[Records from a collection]
━━━━━━

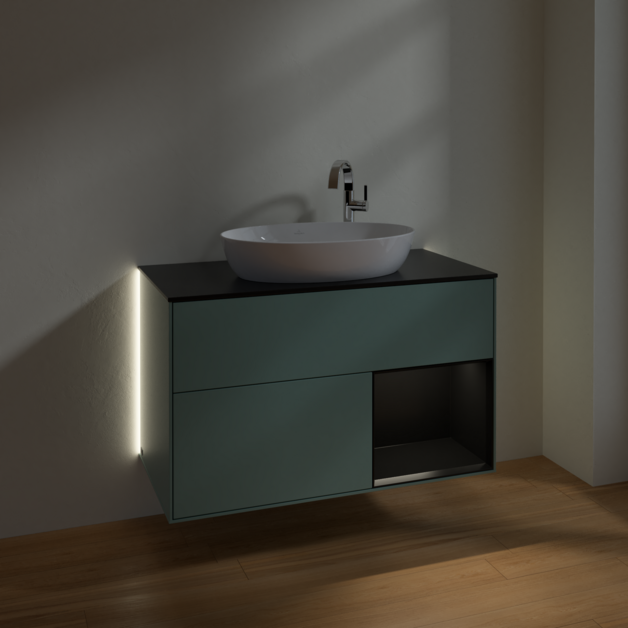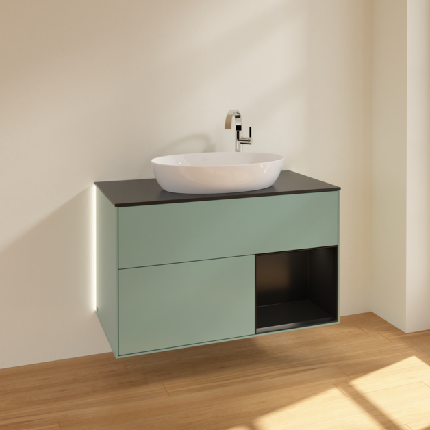 Тумба під раковину Villeroy & Boch Finion 100х50,1 см із підсвічуванням МДФ оливковий матовий лак/скло чорне матове G902PDGM
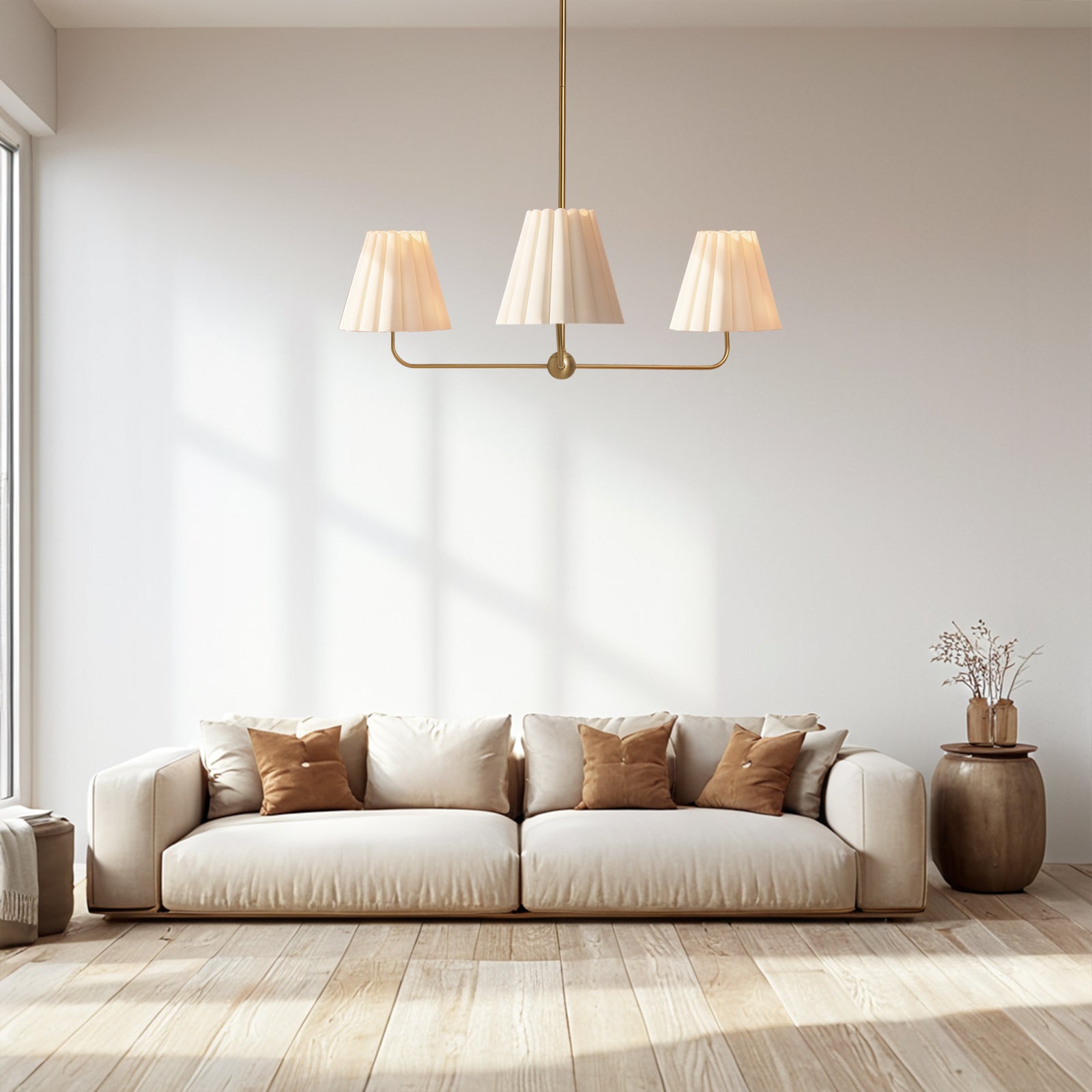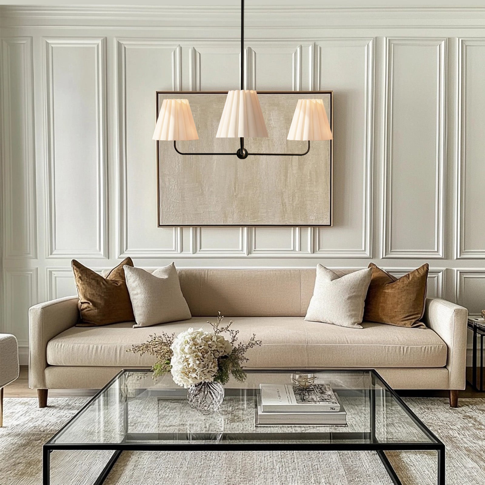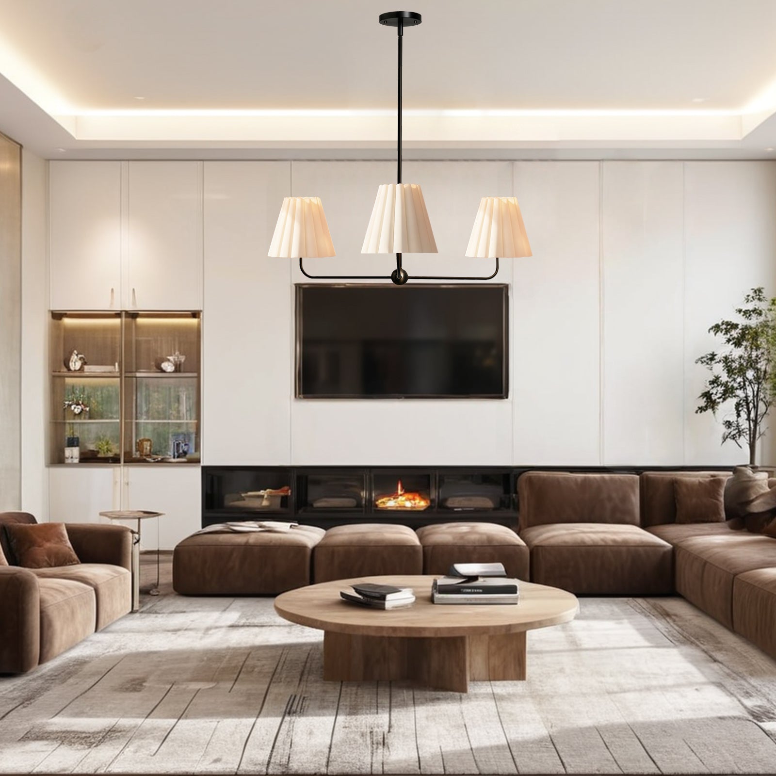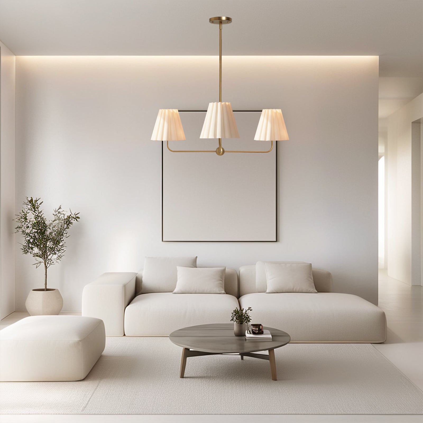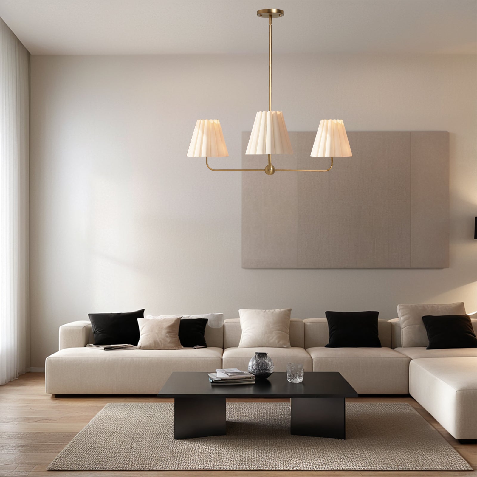 - The cleanly ruffled shades of the Matthews chandelier bring a modern touch to a classic design. The graceful lines and transitional style offer versatility with statement appeal as a living room, dining room, or bedroom chandelier.
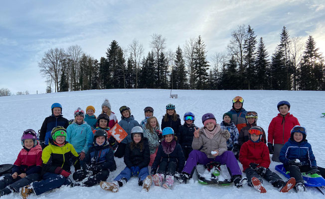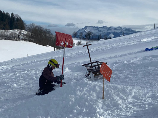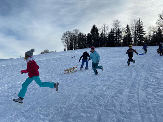 Die 5. Klasse Menznau vergnügte sich mit Schlitten und Schutzausrüstung in der Sonnhalde, die Basisstufe Geiss zwischen Jungholzstrasse und Menznauerstrasse. Die starken Kinder zogen gleich drei Schlitten miteinander hoch, wer braucht da denn noch einen Skilift.
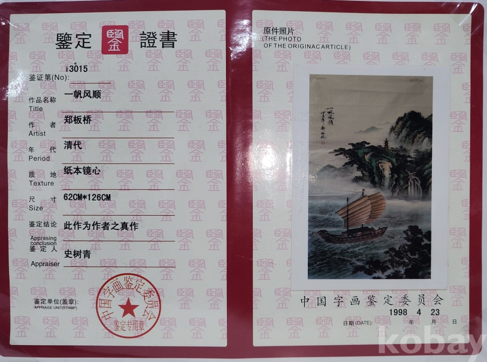 감정서(鑑定證書)가 함께하는 중국화가 범증(范曾) 일범(一帆畵)입니다,
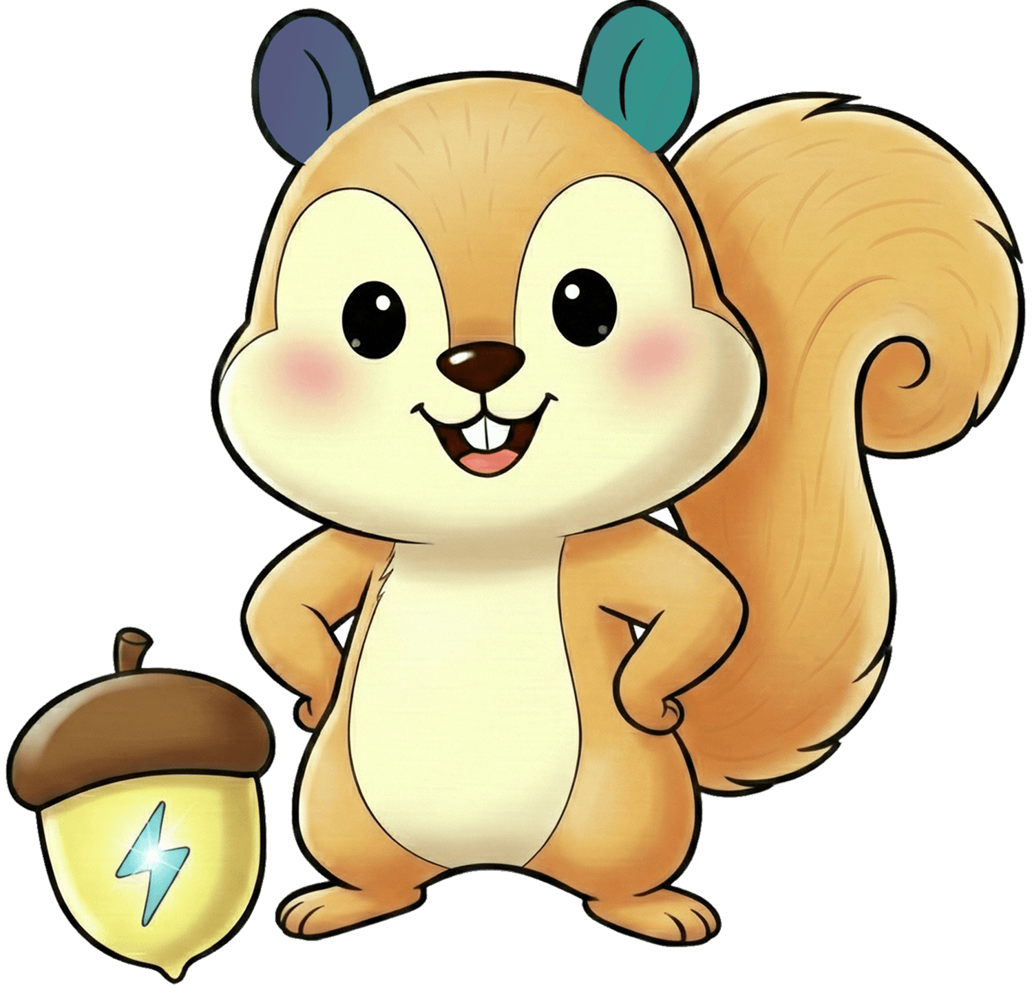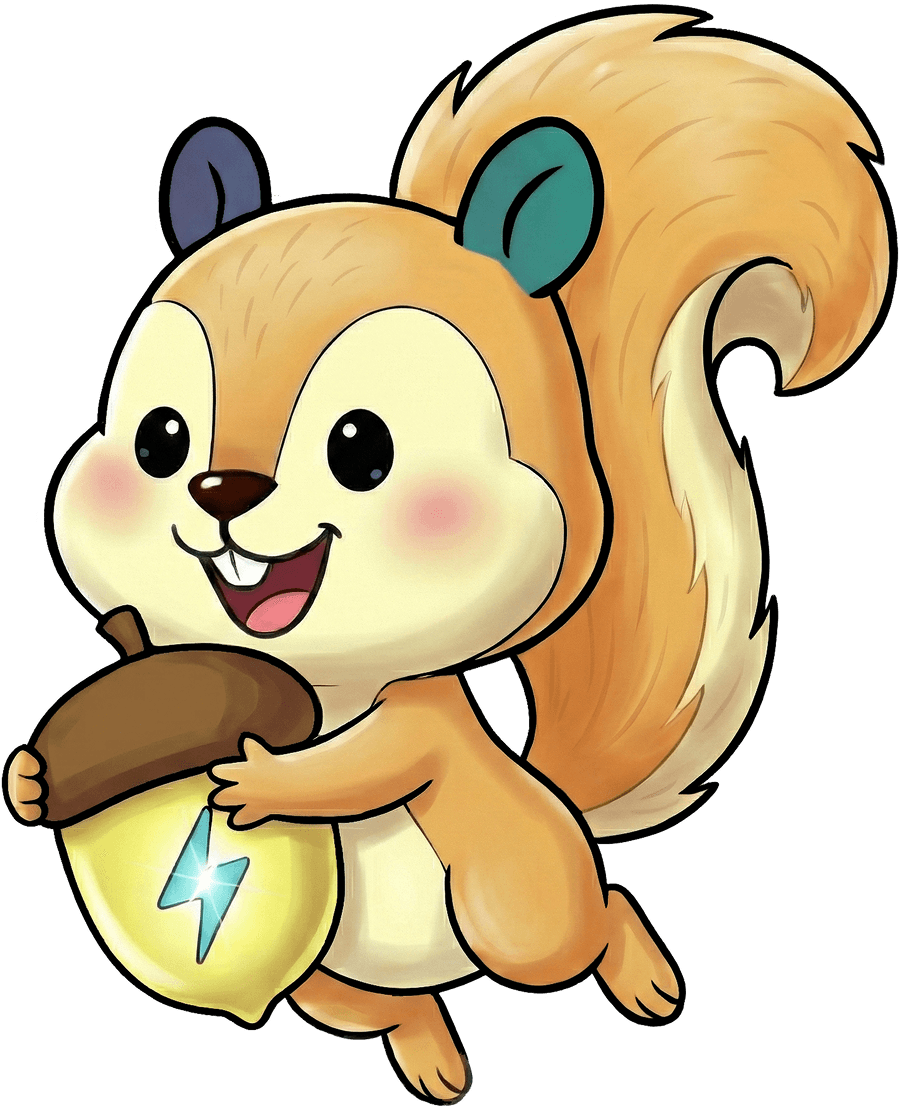 チャームポイントは、蓄電池並みの収納力を誇るふっくらした頬袋。いつも大切に抱えている「エネルギーどんぐり」がイナズマ級にピカピカ光り輝くときは、エネルギーがフル充填された元気いっぱいのサインです。
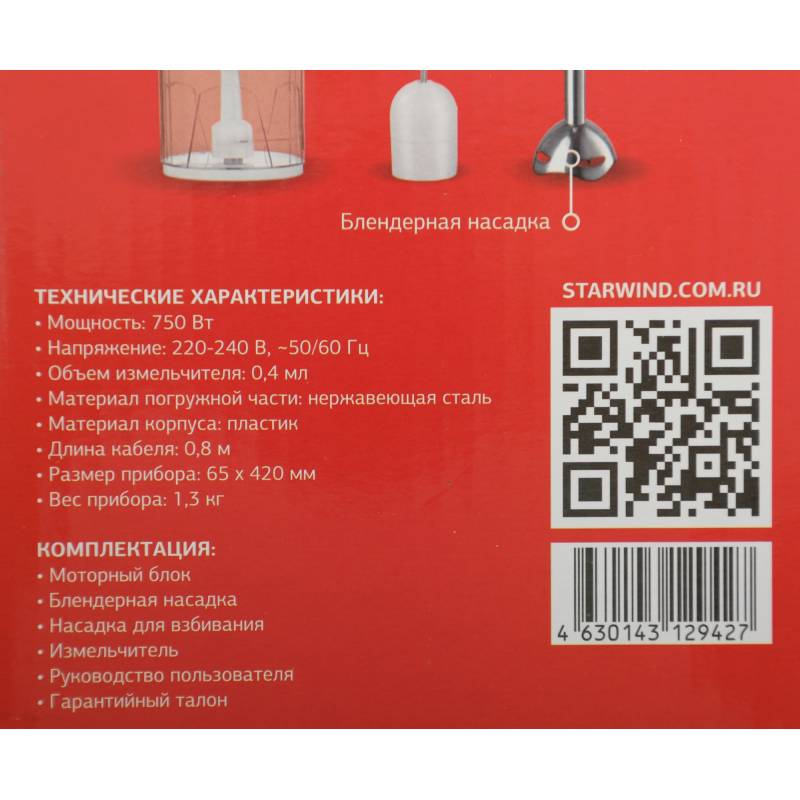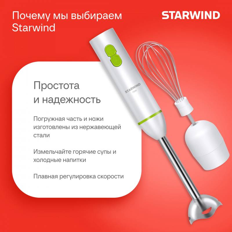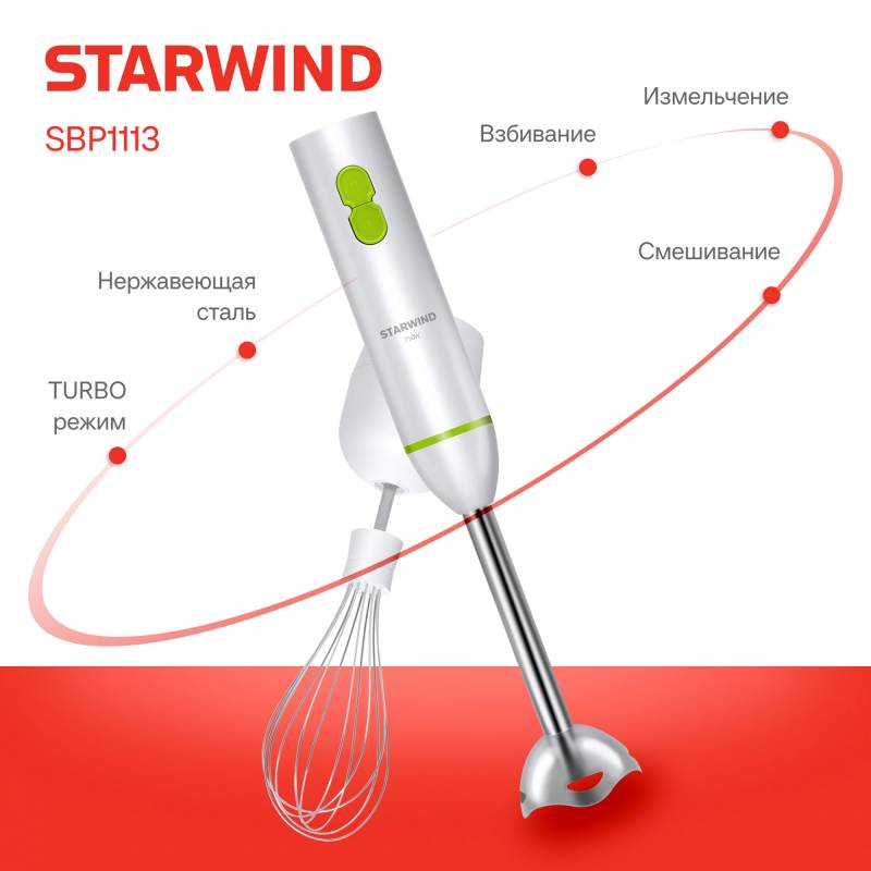Блендер погружной Starwind SBP1113 750Вт белый/зеленый

━━━━━━

Exercise requirements:
Write out each record exactly as shown, but not its pictures.

Exercise output:
 Тумба під раковину Villeroy & Boch Finion 100х50,1 см із підсвічуванням МДФ оливковий матовий лак/скло чорне матове G902PDGM
 - The cleanly ruffled shades of the Matthews chandelier bring a modern touch to a classic design. The graceful lines and transitional style offer versatility with statement appeal as a living room, dining room, or bedroom chandelier.
 Die 5. Klasse Menznau vergnügte sich mit Schlitten und Schutzausrüstung in der Sonnhalde, die Basisstufe Geiss zwischen Jungholzstrasse und Menznauerstrasse. Die starken Kinder zogen gleich drei Schlitten miteinander hoch, wer braucht da denn noch einen Skilift.
 감정서(鑑定證書)가 함께하는 중국화가 범증(范曾) 일범(一帆畵)입니다,
 チャームポイントは、蓄電池並みの収納力を誇るふっくらした頬袋。いつも大切に抱えている「エネルギーどんぐり」がイナズマ級にピカピカ光り輝くときは、エネルギーがフル充填された元気いっぱいのサインです。
Блендер погружной Starwind SBP1113 750Вт белый/зеленый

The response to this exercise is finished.